The Malaysians were this week in Geneva to address the Special Rapporteur on Freedom of Peaceful Assembly and Association, Maina Kiai, and UN Special Rapporteur on the promotion and protection of Freedom of Opinion and Expression, Frank La Rue.

 

The Malaysian statement was made in a formal reply to a report by Mr Kiai, who expressed concern “about the alleged attacks against human rights defenders” after the recent 13th general election”. Mr Kiai’s reference to Bersih and SUARAM, and how its leaders and supporters faced intimidation and harassment by BN politicians, as well as the Registrar of Societies (ROS) and the Companies Commission (CCM) of Malaysia, was clear and direct, but it was totally ignored in Malaysia’s response.

 

In his opening address at the interactive dialogue on Freedom of Assembly and of Association on the 30th of May 2013 Maiana Kiai mentioned Malaysia further and highlighted the fact that although the Malaysian government has offered an invitation of an official mission visit to Malaysia to date they have not confirmed the specific dates of such a mission.

SUARAM’s Nalini Elumalai today said: “None of the issues and particularly the factual accounts of arrests, detentions, political violence, threats, intimidation and harassment of civil leaders and politicians was addressed in Malaysia’s reply .Individuals including young students were either in detention or facing arrest even as Malaysia’s statement was delivered to the UN.”

“Freedom of expression is suffering under a serious assault by the government and its institutions, and Malaysians have been threatened with the revocation of their passports for simply participating in rallies that demand fair and free elections. Malaysia chose to ignore these issues and reports, despite the entire world body hearing of serious violations of universally accepted human rights.”

 

Mr Kiai’s report also noted that Malaysia had failed to respond on two specific issues raised by his office – allegations of on-going investigations against members of SUARAM under the Peaceful Assembly Act (PAA 2012) and police investigations involving 14 activists who allegedly brought children to a recent opposition-led rally.

 

The UN’s High Commissioner for Human Rights, Ms Navi Pillay, also tabled a report to the UN’s 23rd Session that referred to ongoing attacks on human rights defenders.

 

“The right of Malaysians, and politicians in particular, to travel freely within the federation has also been denied,”  Nalini Elumalai said, referring to the blocking of Nurul Izzah’s planned visit to Sabah. “This is now world news, but Malaysia takes to the world stage shamelessly ignoring these dangerous developments and precedents.”

 

Nalini welcomed “Putrajaya’s responsible stand as a global citizen on Syria and Myanmar”, and called on Malaysia “should not delay any further in ratifying the Rome Statute of the International Criminal Court (“ICC”).

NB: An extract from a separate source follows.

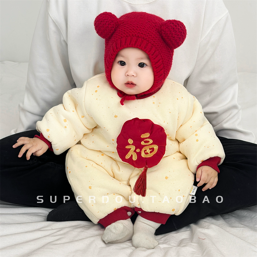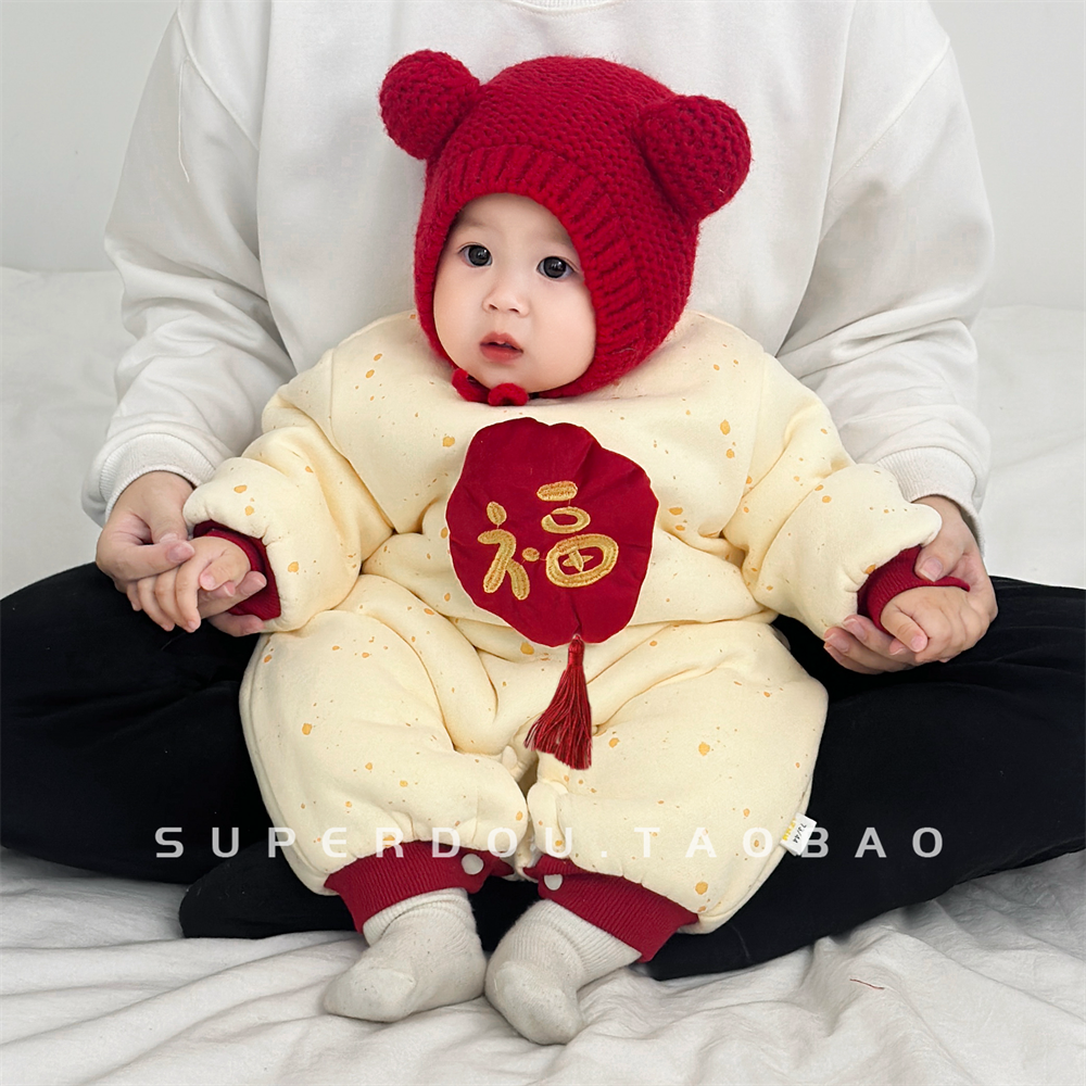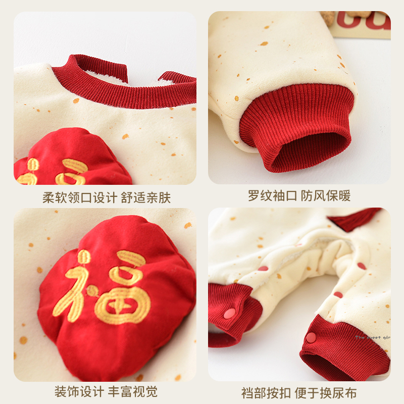 小宝宝秋冬衣服婴儿连体衣冬季中国风婴幼儿加绒加厚外出服抓周服

This is an independent and permanent court of last resort to try persons accused of the most serious crimes of international concern – genocide, crimes against humanity, war crimes and crimes of aggression”.

 

But she said: “Malaysia will continue to operate its detention centre in Kamunting and hold 15 citizens under the Internal Security Act, which no longer exists, while it calls for the closing of the US offshore detention facility in Guantanamo. It only serves to depict Malaysia as a two-faced member state of the UN that refuses to address the truth of its own deprivations.”